■ Dataset content
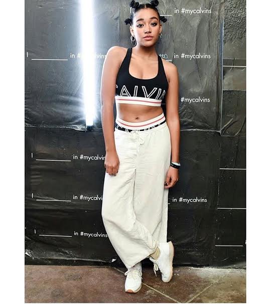 Amandla Stenberg attended Calvin Klein’s In the Desert Coachella Party wearing the brand’s $28 Modern Cotton Exposed Logo Bralette, $22 Boy Shorts and a pair of $74 Reebok Classics:
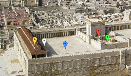 Die Anregung "Tempel in Jerusalem (Herodes)" bietet eine interaktive Methode, die Lebenswelt zur Zeit Jesu zu untersuchen. Das Anklicken der tropfenförmigen Icons ermöglicht zudem eine Zuordnung einer Beschreibung zu dem jeweiligen Bild. Das blaue Icon unten rechts ermöglicht die Prüfung der Auswahl. Ein Fehler wird rot unterlegt. Ein Erfolg erscheint grün unterlegt. Durch das Pfeilicon oben rechts kann das Bild auf den ganzen Bildschirm vergrößert werden.
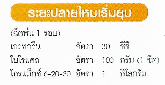 ระยาเวลาพ่นปุ๋ยทางใบ สำหรับข้าวโพด (อัตราส่วนต่อน้ำ 200ลิตร)
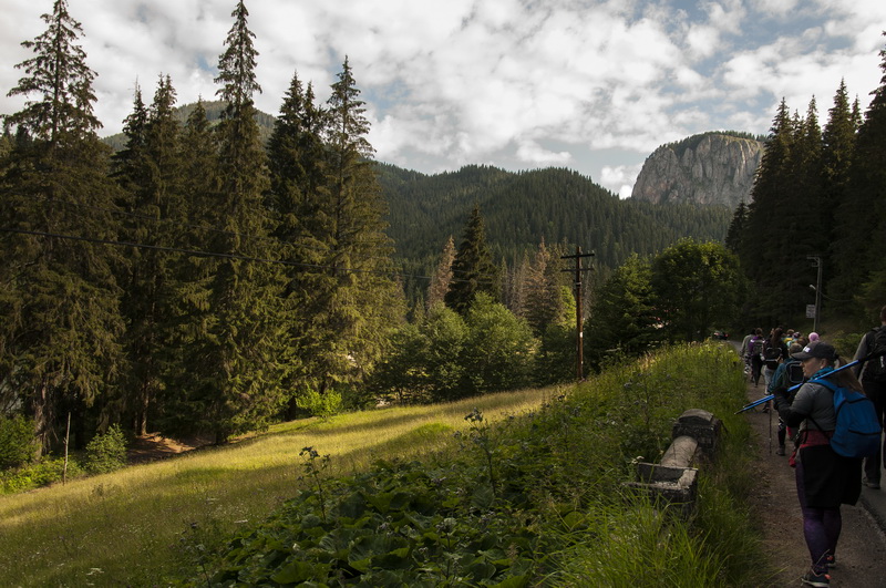 В начале десятого вышли на маршрут. Проходил он мимо озера Lacul Roşu, на берегу озера Александра рассказала нам историю-легенду о красивой девушке, которую поймал убийца. Она попросила помощи у гор, в итоге произошел раскол в ущелье и образовалось озеро, которое своей кровью обагрили убийца и эта девушка. А напротив выросла скала Vârful Ucigașul или Киллерстоун, высотой в 1378 м, которая носит название убийцы. На вершину этой горы мы как раз и направлялись.

■ Assignment
Without including the pictures, copy all of the data exactly.

■ Problem solution
 Amandla Stenberg attended Calvin Klein’s In the Desert Coachella Party wearing the brand’s $28 Modern Cotton Exposed Logo Bralette, $22 Boy Shorts and a pair of $74 Reebok Classics:
 Die Anregung "Tempel in Jerusalem (Herodes)" bietet eine interaktive Methode, die Lebenswelt zur Zeit Jesu zu untersuchen. Das Anklicken der tropfenförmigen Icons ermöglicht zudem eine Zuordnung einer Beschreibung zu dem jeweiligen Bild. Das blaue Icon unten rechts ermöglicht die Prüfung der Auswahl. Ein Fehler wird rot unterlegt. Ein Erfolg erscheint grün unterlegt. Durch das Pfeilicon oben rechts kann das Bild auf den ganzen Bildschirm vergrößert werden.
 ระยาเวลาพ่นปุ๋ยทางใบ สำหรับข้าวโพด (อัตราส่วนต่อน้ำ 200ลิตร)
 В начале десятого вышли на маршрут. Проходил он мимо озера Lacul Roşu, на берегу озера Александра рассказала нам историю-легенду о красивой девушке, которую поймал убийца. Она попросила помощи у гор, в итоге произошел раскол в ущелье и образовалось озеро, которое своей кровью обагрили убийца и эта девушка. А напротив выросла скала Vârful Ucigașul или Киллерстоун, высотой в 1378 м, которая носит название убийцы. На вершину этой горы мы как раз и направлялись.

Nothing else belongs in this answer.